- Born: Mary Janne Henneberg August 13, 1973 (age 52)
- Education: Vanderbilt University (BA)
- Occupation: Television journalist
- Spouse: Chris Nagel
- Children: 1

= Molly Henneberg =

American journalist

Mary Janne "Molly" Henneberg (born August 13, 1973) is an American former news reporter for the Fox News Channel. She had joined the network in 2001 and was based at the network's Washington, D.C. bureau. Henneberg left Fox News in December 2014. On October 3, 2015, she reported again on Fox News.

==Biography==
During her career at Fox News Channel, she has been a White House correspondent and covered the 2004 Presidential campaign. In 2003 she reported from Baghdad during Operation Iraqi Freedom. Recently, she presented live coverage of Hurricane Katrina from Mississippi and reported on the hurricane recovery efforts from Louisiana.

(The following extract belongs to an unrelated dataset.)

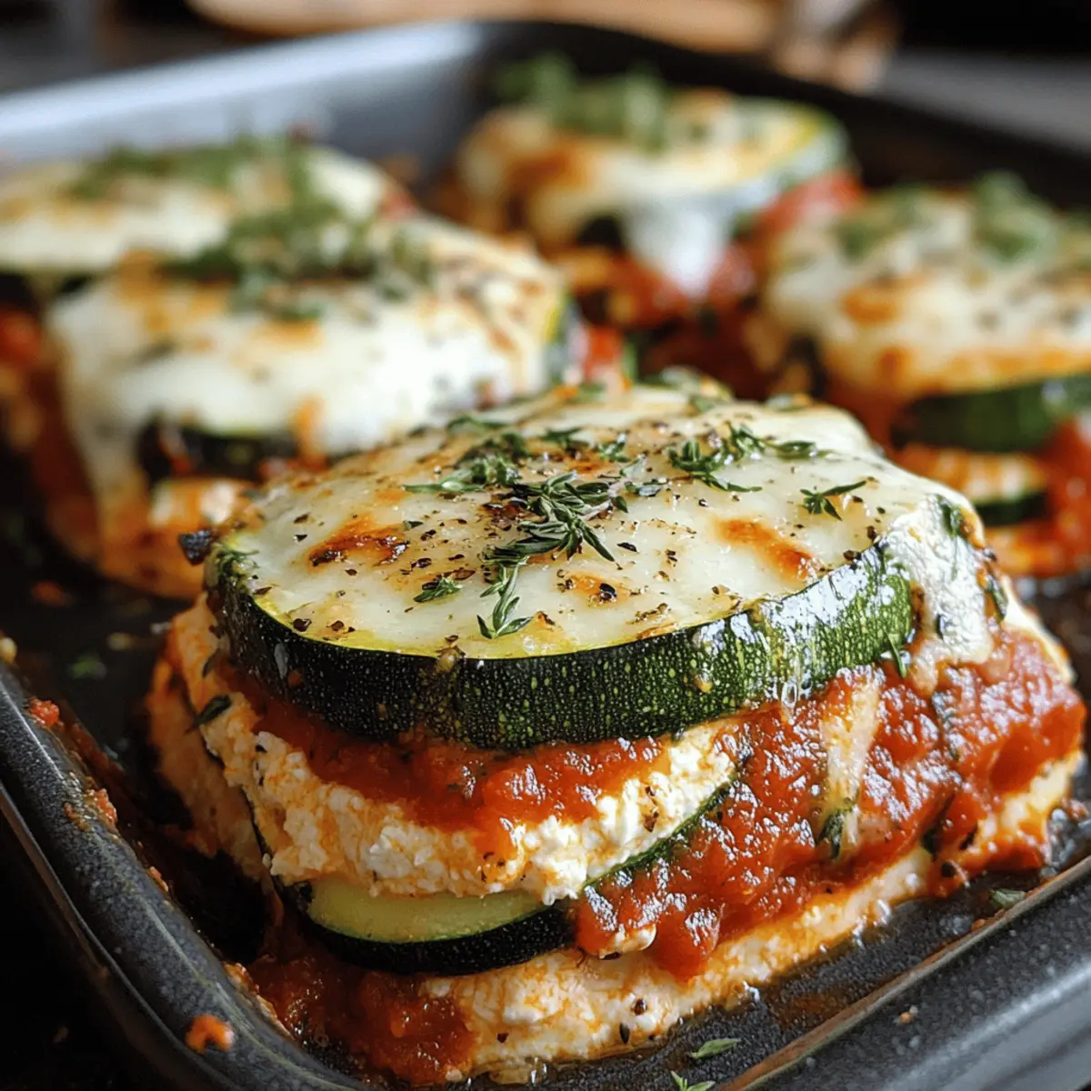 Jump to Recipe Print RecipeEn feuilletant les pages d’un livre de cuisine italienne, je suis tombé sur un incontournable : les fondants de courgettes à la ricotta avec marinara. Cette recette toute simple combine la tendresse des courgettes, la crémeux de la ricotta et la richesse de la sauce marinara, créant ainsi un plat léger et réconfortant. Non seulement elle se prépare en un rien de temps, mais elle séduira également vos convives par sa touche créative et savoureuse. Que ce soit pour un dîner rapide en semaine ou un déjeuner décontracté, cette association de textures et de saveurs est tout simplement irrésistible. Alors, avez-vous déjà décidé ce que vous seriez prêt à ajouter à votre table? Pourquoi aimer les fondants de courgettes ? Simplicité et rapidité : Cette recette ne nécessite que quelques ingrédients de base et peut être préparée en un clin d’œil, idéale pour les soirées chargées. Richesse en saveurs : La combinaison de la ricotta crémeuse et de la sauce marinara savoureuse crée une harmonie qui ravira vos papilles. Légèreté : Avec ses ingrédients frais et légers, ce plat est parfait pour ceux qui cherchent à réduire leur apport calorique sans sacrifier le goût. Polyvalence : Ajoutez des légumes de saison ou remplacez la ricotta par du fromage cottage pour varier les plaisirs. Une bonne idée est de le servir avec une simple salade verte pour un repas équilibré ! Appel visuel : La présentation en couches de courgettes colorées avec du fromage fondant est un vrai régal pour les yeux, parfait pour impressionner vos invités. Adaptabilité : Ce plat convient aussi bien aux végétariens qu’à ceux cherchant à augmenter leur apport en protéines, tout en restant faible en glucides ! Ingrédients pour les Fondants de Courgettes à la Ricotta avec Marinara • Découvrez les ingrédients essentiels qui rendront votre plat irrésistible ! Pour les fondants Courgettes – Elles servent de base fraîche et faible en calories ; n’oubliez pas de les assaisonner avant la cuisson. Fromage Ricotta – Apporte une texture crémeuse et est riche en protéines, parfaite pour lier les ingrédients. Sauce Marinara – Ajoute une explosion de saveurs avec sa richesse en tomates et herbes. Fromage Mozzarella – Fond et s’étire magnifiquement pour un effet gooey qui enrichit le plat. Origan Séché – Complète la saveur avec une touche aromatique délicate. Basilic Frais – Utilisé en garniture, il apporte fraîcheur et parfum. Huile d’Olive – Aide à rehausser le goût des courgettes en les dorant. Sel et Poivre – Indispensables pour rehausser toutes les saveurs. Flocons de Piment Rouge (Optionnel) – Pour ceux qui souhaitent un peu de chaleur dans leur plat. Ces ingrédients constituent la base parfaite pour vos fondants de courgettes à la ricotta avec marinara, un véritable délice à chaque bouchée ! Instructions étape par étape pour les Fondants de courgettes à la ricotta avec marinara Step 1 : Préchauffage du four Préchauffez votre four à 190°C (375°F) pour garantir une cuisson uniforme. Cela permettra aux saveurs de se mélanger et à vos fondants de courgettes à la ricotta avec marinara de cuire parfaitement. Pendant que le four chauffe, vous pourrez vous occuper des courgettes. Step 2 : Préparation des courgettes Coupez les courgettes dans le sens de la longueur en tranches d’environ 0,5 cm d’épaisseur. Badigeonnez chaque côté d’huile d’olive et assaisonnez-les bien avec du sel et du poivre. Cette étape est cruciale pour faire ressortir la saveur des courgettes tout en créant une légère dorure lors de la cuisson. Step 3 : Préparation du plat à gratin Graissez légèrement un plat allant au four de 20×20 cm avec un peu d’huile d’olive. Disposez la moitié des tranches de courgettes uniformément au fond du plat. Veillez à bien les répartir pour que chaque bouchée de vos fondants de courgettes à la ricotta soit savoureuse. Step 4 : Montage des couches Étalez la moitié du fromage ricotta sur les courgettes, suivi de la moitié de la sauce marinara et de la moitié du fromage mozzarella. Répétez ce processus avec le reste des courgettes, du fromage ricotta, de la marinara et de la mozzarella. Cette superposition apportera richesse et texture à votre plat. Step 5 : Ajout des herbes Saupoudrez l’origan séché sur le dessus des couches de fromage. Cela ajoutera une touche parfumée et délicate à vos fondants de courgettes à la ricotta avec marinara. Les herbes se marient parfaitement avec le fromage et la sauce pour un goût équilibré. Step 6 : Cuisson au four Enfournez le plat pour environ 20 à 25 minutes. Surveillez attentivement jusqu’à ce que les courgettes soient tendres et que le fromage bouillonne et soit légèrement doré. Vous saurez que votre plat est prêt lorsque les bords commencent à frémir et que le fromage gonfle de manière appétissante. Step 7 : Garniture avant de servir Après la cuisson, sortez le plat du four et laissez-le reposer quelques minutes. Juste avant de servir, garnissez vos fondants de courgettes à la ricotta avec du basilic frais. Cela ajoutera une touche de fraîcheur et de couleur à votre plat. Conseils d’expert pour les Fondants de Courgettes Coupes uniformes : Assurez-vous que vos tranches de courgettes sont d’épaisseur régulière pour garantir une cuisson homogène, évitant les morceaux trop cuits ou croquants. Repos nécessaire : Laissez reposer le plat quelques minutes après la cuisson. Cela permet aux saveurs de se mélanger et aux fondants de courgettes à la ricotta avec marinara de se raffermir légèrement pour une meilleure présentation. Maîtriser l’assaisonnement : Goûtez vos courgettes avant de les assembler. Un bon assaisonnement avec du sel et du poivre dès le début rehausse le goût de l’ensemble du plat. Variantes savoureuses : N’hésitez pas à ajouter des légumes de saison pour enrichir

Prior to joining Fox News Channel, Henneberg was the medical reporter for WBRE-TV in Wilkes Barre/Scranton, Pennsylvania. She was also an early evening anchor and medical reporter at WPBN-TV in Traverse City, Michigan, and began her career as a reporter for WHAG-TV in Hagerstown, Maryland.

She is a 1991 graduate of George Mason High School in Falls Church, Virginia and received a bachelor's degree in English and elementary education from Vanderbilt University in 1995.

Henneberg grew up in Falls Church and is a member of the independent Anglican Falls Church, along with her parents Daniel and Jackie, younger brother Robert, younger sister Amanda, younger brother William, husband Chris, and best friend Allison Yates Gaskins. She also is an obsessive Washington Football Team (formerly Redskins) fan.

On Saturday, July 12, 2008, she married United States Marine Corps lawyer Captain Chris Nagel at the Falls Church. On August 31, 2011, Henneberg announced on Fox and Friends that she and her husband were expecting a child "and new [then-]Redskins fan." The due date was Christmas Day, and the couple intended to name their daughter Jaqueline in honor of Molly's mother.